### AIM OF THE EXERCISE
Only one stretch of the data below is wanted: the lines from the one with "西九州新幹線（武雄温泉駅―長" through the one with "D'autres médiums qui", repeated exactly.

### GIVEN RECORDS

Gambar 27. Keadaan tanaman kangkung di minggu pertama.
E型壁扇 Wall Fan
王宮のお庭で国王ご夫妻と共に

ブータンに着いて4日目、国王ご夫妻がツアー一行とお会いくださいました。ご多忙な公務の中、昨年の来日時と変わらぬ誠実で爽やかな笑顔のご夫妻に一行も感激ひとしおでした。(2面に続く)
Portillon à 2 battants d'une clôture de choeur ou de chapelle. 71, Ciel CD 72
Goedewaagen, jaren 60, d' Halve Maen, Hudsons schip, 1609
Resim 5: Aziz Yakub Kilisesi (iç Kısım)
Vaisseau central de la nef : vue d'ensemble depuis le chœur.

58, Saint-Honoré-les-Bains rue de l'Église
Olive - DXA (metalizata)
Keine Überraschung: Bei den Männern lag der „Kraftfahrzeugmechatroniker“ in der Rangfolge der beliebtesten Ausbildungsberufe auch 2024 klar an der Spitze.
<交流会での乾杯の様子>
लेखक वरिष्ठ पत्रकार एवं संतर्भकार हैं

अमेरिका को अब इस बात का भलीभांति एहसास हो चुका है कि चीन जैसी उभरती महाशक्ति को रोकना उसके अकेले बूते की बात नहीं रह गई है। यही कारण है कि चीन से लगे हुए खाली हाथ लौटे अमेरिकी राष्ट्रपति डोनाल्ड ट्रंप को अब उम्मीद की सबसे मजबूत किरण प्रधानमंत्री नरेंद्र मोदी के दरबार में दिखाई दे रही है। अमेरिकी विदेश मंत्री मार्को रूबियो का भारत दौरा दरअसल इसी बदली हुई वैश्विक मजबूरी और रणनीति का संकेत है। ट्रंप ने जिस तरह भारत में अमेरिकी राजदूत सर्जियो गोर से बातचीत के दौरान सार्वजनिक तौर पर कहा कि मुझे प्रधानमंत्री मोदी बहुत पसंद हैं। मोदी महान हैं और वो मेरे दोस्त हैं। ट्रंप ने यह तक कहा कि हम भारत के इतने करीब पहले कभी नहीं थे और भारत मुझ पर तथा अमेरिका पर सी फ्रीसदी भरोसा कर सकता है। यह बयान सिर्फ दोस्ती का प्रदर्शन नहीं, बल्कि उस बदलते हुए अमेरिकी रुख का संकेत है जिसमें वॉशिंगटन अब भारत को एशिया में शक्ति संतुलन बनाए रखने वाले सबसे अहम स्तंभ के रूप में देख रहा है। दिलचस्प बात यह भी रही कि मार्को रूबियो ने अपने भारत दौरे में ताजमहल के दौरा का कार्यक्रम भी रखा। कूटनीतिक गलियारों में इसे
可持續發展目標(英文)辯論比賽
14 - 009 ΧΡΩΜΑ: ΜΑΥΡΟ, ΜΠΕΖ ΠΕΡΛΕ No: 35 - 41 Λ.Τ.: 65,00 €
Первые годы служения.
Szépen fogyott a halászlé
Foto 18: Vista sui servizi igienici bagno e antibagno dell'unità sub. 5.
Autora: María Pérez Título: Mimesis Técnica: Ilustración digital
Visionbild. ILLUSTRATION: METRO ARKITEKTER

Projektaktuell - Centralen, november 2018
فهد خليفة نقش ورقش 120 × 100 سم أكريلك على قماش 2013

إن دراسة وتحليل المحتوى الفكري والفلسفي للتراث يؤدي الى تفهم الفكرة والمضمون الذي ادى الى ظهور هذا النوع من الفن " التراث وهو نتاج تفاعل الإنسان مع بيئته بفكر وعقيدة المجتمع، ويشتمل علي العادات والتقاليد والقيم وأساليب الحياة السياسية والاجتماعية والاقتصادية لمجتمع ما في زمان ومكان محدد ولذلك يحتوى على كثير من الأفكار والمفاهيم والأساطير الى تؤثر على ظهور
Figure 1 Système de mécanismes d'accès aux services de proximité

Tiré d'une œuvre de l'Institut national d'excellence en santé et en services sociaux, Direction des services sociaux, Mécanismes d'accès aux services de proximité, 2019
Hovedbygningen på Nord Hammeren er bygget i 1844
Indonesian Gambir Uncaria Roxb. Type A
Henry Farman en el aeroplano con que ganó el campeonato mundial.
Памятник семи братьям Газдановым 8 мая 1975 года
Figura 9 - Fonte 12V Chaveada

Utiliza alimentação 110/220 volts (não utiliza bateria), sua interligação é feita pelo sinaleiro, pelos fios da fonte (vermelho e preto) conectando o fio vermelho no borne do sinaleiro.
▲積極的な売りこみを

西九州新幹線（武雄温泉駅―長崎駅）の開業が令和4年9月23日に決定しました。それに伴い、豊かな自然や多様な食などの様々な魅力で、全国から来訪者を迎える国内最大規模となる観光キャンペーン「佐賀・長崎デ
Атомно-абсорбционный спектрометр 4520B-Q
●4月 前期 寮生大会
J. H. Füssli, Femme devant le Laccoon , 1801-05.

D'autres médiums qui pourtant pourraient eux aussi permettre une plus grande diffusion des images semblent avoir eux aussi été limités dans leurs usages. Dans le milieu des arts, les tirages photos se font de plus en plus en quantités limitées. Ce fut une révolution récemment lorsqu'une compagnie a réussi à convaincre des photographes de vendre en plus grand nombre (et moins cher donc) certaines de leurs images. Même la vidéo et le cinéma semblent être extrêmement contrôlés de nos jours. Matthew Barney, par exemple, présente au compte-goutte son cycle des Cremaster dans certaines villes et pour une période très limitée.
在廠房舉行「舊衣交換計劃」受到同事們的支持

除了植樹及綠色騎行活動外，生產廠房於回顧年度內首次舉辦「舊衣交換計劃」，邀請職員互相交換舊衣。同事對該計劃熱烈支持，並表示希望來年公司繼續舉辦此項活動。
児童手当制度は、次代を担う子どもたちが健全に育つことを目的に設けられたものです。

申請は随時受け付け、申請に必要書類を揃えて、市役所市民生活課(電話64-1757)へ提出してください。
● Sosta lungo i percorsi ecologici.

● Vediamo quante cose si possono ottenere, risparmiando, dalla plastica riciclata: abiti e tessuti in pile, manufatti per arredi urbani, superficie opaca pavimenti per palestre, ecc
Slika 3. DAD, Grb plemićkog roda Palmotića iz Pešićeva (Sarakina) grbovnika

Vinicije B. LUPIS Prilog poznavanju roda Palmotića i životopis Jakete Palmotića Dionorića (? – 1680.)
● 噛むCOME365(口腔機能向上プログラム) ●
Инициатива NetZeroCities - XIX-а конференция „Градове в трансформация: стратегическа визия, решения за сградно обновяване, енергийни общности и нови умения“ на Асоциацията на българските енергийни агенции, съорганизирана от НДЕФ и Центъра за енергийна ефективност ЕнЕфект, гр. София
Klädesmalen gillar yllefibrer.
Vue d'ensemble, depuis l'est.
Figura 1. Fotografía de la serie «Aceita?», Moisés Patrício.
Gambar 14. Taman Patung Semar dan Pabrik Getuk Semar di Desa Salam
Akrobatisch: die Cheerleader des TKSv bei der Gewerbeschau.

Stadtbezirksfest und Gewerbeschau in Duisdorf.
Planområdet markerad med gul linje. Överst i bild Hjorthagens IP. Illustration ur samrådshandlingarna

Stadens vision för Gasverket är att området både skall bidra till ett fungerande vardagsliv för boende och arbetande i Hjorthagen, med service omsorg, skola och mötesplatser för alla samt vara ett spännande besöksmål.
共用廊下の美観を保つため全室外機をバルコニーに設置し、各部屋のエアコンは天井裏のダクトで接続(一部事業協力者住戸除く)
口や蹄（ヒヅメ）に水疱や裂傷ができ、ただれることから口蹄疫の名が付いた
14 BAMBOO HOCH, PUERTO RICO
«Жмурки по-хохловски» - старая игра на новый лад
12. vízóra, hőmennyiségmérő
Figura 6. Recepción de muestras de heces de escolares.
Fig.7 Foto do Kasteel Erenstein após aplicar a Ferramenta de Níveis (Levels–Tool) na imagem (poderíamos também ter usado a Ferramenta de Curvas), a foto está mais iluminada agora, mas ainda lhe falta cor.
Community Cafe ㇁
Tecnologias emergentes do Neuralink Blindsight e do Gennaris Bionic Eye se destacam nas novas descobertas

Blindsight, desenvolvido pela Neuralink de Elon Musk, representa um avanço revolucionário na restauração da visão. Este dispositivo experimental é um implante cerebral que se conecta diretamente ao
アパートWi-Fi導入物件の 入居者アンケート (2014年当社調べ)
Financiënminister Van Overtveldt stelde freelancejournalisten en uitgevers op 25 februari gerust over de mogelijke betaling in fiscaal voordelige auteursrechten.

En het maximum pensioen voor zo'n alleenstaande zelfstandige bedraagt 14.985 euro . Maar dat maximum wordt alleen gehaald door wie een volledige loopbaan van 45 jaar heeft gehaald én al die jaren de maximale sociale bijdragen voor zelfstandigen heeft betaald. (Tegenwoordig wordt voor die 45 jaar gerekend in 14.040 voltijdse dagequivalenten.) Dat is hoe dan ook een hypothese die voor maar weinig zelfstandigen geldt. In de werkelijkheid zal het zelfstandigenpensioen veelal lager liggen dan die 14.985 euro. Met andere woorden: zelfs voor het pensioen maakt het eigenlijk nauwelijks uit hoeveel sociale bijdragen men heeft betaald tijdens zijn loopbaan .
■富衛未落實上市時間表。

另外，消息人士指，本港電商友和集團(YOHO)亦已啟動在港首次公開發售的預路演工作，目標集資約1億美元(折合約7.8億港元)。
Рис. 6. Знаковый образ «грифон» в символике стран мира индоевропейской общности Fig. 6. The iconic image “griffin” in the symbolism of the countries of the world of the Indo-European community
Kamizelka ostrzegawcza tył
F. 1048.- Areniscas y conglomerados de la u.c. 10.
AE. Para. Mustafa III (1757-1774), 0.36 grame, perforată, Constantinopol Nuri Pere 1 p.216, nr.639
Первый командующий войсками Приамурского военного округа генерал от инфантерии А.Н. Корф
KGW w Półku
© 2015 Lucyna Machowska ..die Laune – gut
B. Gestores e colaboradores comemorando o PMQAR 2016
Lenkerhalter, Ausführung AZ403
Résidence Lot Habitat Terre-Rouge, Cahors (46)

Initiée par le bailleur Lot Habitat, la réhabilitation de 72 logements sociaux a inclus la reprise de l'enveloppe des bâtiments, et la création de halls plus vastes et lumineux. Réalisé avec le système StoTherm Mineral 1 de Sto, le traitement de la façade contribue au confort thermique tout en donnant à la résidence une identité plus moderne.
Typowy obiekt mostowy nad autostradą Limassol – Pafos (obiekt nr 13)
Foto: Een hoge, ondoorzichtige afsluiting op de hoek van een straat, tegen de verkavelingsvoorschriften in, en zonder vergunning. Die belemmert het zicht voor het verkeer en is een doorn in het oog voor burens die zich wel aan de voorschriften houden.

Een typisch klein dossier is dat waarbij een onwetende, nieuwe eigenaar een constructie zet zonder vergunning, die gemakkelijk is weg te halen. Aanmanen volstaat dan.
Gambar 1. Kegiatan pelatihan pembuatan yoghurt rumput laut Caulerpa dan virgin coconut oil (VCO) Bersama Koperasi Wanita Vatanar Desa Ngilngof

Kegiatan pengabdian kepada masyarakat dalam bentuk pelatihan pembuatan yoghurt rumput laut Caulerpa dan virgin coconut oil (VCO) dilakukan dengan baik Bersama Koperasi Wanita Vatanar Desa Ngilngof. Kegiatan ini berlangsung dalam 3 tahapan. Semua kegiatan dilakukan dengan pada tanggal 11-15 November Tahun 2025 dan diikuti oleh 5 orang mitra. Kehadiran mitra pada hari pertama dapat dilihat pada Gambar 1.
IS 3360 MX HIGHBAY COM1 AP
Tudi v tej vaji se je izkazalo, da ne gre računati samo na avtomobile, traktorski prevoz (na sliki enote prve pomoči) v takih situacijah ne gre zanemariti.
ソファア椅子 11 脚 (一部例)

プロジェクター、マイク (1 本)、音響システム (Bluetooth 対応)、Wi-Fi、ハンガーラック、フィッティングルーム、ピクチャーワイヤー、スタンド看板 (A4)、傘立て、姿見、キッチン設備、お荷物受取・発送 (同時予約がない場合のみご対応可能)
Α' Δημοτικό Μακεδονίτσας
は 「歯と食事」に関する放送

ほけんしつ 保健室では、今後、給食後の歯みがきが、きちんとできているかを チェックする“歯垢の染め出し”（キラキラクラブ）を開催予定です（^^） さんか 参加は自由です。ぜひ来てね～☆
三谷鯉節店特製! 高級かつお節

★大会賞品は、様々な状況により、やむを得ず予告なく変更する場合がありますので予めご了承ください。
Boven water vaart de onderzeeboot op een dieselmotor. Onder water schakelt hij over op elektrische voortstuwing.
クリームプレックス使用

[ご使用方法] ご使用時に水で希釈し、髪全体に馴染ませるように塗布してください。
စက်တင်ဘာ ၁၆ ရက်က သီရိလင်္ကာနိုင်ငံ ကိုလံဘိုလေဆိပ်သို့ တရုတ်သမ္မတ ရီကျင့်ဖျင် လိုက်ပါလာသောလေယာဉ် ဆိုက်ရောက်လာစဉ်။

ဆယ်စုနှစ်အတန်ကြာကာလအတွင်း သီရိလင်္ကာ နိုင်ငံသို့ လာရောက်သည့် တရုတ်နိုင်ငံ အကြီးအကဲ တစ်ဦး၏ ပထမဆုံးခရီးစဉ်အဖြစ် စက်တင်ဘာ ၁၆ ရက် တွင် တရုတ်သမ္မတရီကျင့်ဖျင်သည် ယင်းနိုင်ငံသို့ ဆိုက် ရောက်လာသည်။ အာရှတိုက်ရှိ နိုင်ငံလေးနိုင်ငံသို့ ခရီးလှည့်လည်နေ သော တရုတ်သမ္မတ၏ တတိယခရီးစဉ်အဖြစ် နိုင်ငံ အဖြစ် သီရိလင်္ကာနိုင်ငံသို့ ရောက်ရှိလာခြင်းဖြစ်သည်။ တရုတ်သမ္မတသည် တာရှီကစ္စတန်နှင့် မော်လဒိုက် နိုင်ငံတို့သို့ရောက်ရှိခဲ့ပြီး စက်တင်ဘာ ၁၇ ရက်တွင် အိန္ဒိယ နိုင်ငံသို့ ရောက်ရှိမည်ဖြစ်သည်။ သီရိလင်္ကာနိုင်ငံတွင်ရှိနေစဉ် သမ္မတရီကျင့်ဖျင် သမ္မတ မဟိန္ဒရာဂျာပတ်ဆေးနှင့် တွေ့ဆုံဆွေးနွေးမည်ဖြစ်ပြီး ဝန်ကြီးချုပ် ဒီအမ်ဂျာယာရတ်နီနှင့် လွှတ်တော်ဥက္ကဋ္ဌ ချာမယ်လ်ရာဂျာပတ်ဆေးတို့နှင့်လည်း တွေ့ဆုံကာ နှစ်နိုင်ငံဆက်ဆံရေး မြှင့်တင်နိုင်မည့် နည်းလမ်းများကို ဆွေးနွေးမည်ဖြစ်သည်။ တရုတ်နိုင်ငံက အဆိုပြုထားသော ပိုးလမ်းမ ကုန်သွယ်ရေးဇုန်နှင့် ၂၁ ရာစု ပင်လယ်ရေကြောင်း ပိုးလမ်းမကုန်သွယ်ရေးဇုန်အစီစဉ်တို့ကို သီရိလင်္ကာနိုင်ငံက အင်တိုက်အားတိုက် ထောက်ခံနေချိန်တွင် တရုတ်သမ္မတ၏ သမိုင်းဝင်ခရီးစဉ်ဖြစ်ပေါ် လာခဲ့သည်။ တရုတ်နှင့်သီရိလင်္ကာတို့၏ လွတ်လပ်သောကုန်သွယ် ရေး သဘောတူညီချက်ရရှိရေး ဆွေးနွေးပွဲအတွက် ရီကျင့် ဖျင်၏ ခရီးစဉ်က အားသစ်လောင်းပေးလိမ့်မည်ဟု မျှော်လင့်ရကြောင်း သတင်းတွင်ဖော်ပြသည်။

### TASK OUTPUT
西九州新幹線（武雄温泉駅―長崎駅）の開業が令和4年9月23日に決定しました。それに伴い、豊かな自然や多様な食などの様々な魅力で、全国から来訪者を迎える国内最大規模となる観光キャンペーン「佐賀・長崎デ
Атомно-абсорбционный спектрометр 4520B-Q
●4月 前期 寮生大会
J. H. Füssli, Femme devant le Laccoon , 1801-05.

D'autres médiums qui pourtant pourraient eux aussi permettre une plus grande diffusion des images semblent avoir eux aussi été limités dans leurs usages. Dans le milieu des arts, les tirages photos se font de plus en plus en quantités limitées. Ce fut une révolution récemment lorsqu'une compagnie a réussi à convaincre des photographes de vendre en plus grand nombre (et moins cher donc) certaines de leurs images. Même la vidéo et le cinéma semblent être extrêmement contrôlés de nos jours. Matthew Barney, par exemple, présente au compte-goutte son cycle des Cremaster dans certaines villes et pour une période très limitée.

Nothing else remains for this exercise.